拍手御礼B
本編からドロップアウトしそうな近衛騎士さんたちの日常の一幕を敢えて書いてみました。本編より1年ちょっと前の話です。これがぶち壊されたとなるとかなり後味悪くなるかも知れませんし(笑)、後味悪くなるように仕上げましたので(笑)、そのつもりでお読み下さい。


 秋の気配はまだ遠く。
 木陰で涼みながらぼんやりと重なり合う枝葉を見上げていたライナは、木漏れ日に突然目を射られ、うっと呻いて顔を伏せた。彼は舌打ちすると、苛立たしげに立ち上がって、けれどまたその木陰に座り直す。調練場へ戻ろうかと思ったが、日光の下へ出る決心がつかなかったのだ。
 もともと短気なライナは、晩夏とは思えないこの暑気で更に気を短くしていた。わけもなくいらいら。木陰に入ってシャツの胸元を寛げたくらいではどうにもならないこの暑さを、誰か何とかしろ。いらいらいらいらとそんなことを考えるが、誰にもどうにか出来ることではない。
 同じ近衛隊に所属する騎士たちの幾人かは、この休憩時間に連れ立って近くの水場へ向かった。何をするつもりかと言えば簡単だ。水を被ってくるのである。ライナも誘われたが、新入りの坊やよ可愛がってやる、と面白半分に言葉を掛けられ、つい反発して断ってしまった。
 後悔なんかしているわけがない。だってずぶ濡れになった後どうするのだ。自分たちは近衛騎士だ。調練という歴とした任務の最中である。子供や庶民の遊びじゃあるまいし、頭から水を被ってはしゃぐなんてこと俺はしないぞ。むつっとしながら目を閉じて、ライナは再び木の幹に背中を預ける。
 暑いのはどうしようもないが、木陰を吹き抜けるからっとした風は心地よかった。先日まで熱風が吹いていたことを思えば、気配は遠いけれど秋は着々とこちらへ向かっている。もともと、シヴィロ王国の夏は短い。もう少し我慢すれば、この風もすぐに冷たくなるはずだ。

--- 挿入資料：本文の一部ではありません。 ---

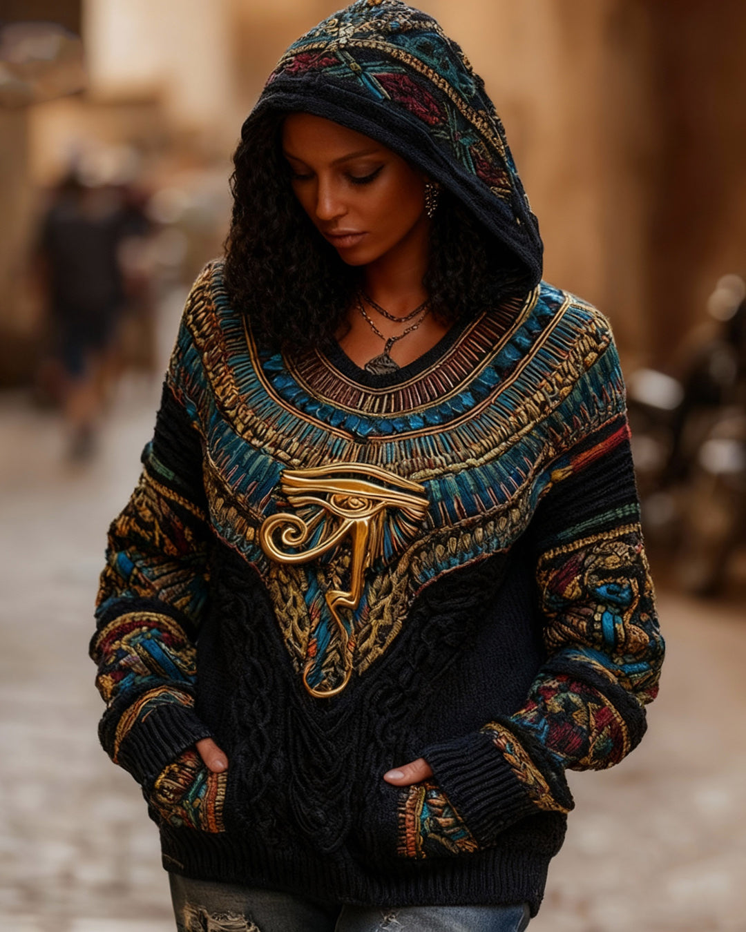 Vintage Ancient Egyptian Eye of Horus Long-sleeved Hooded Sweater
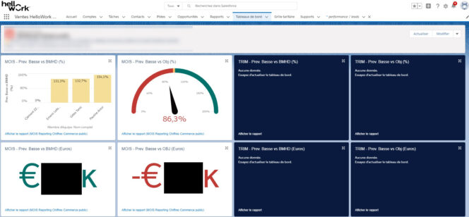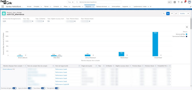Salesforce vous permet de rassembler au même endroit tous vos prospects et toutes vos opportunités commerciales. Chez Hellowork, chaque opportunité est d’abord qualifiée par le commercial et tout le processus allant de l’identification d’un prospect à la signature du devis est suivie via Salesforce. Nous faisons aussi remonter sur notre CRM tous nos leads générés depuis nos actions marketing B2B en ligne. Cette gestion précise des opportunités permet de mettre en place un pipeline commercial complet avec une vue sur les objectifs. Salesforce nous permet de qualifier toutes nos opportunités et donc de faire des prévisions sur l’activité commerciale et sur les performances de chaque commercial ou de chaque service.

 ライナを撫でていくその乾いた風の中に、ふと甘やかな匂いが混じった。
(香水……?)
 それも、女物の香り。鈴蘭だろうか。ここは兵士しか出入りしない調練場の脇で、香水をつける女官はおろか、女の召使いも近づかないような場所のはずだった。
 久しく嗅いでいない上品な異性の香りに誘われて、ライナは目を開く。辺りに女の影は見当たらない。けれどその怪訝な香りの出所を求めて、ライナはいよいよ木陰から出た。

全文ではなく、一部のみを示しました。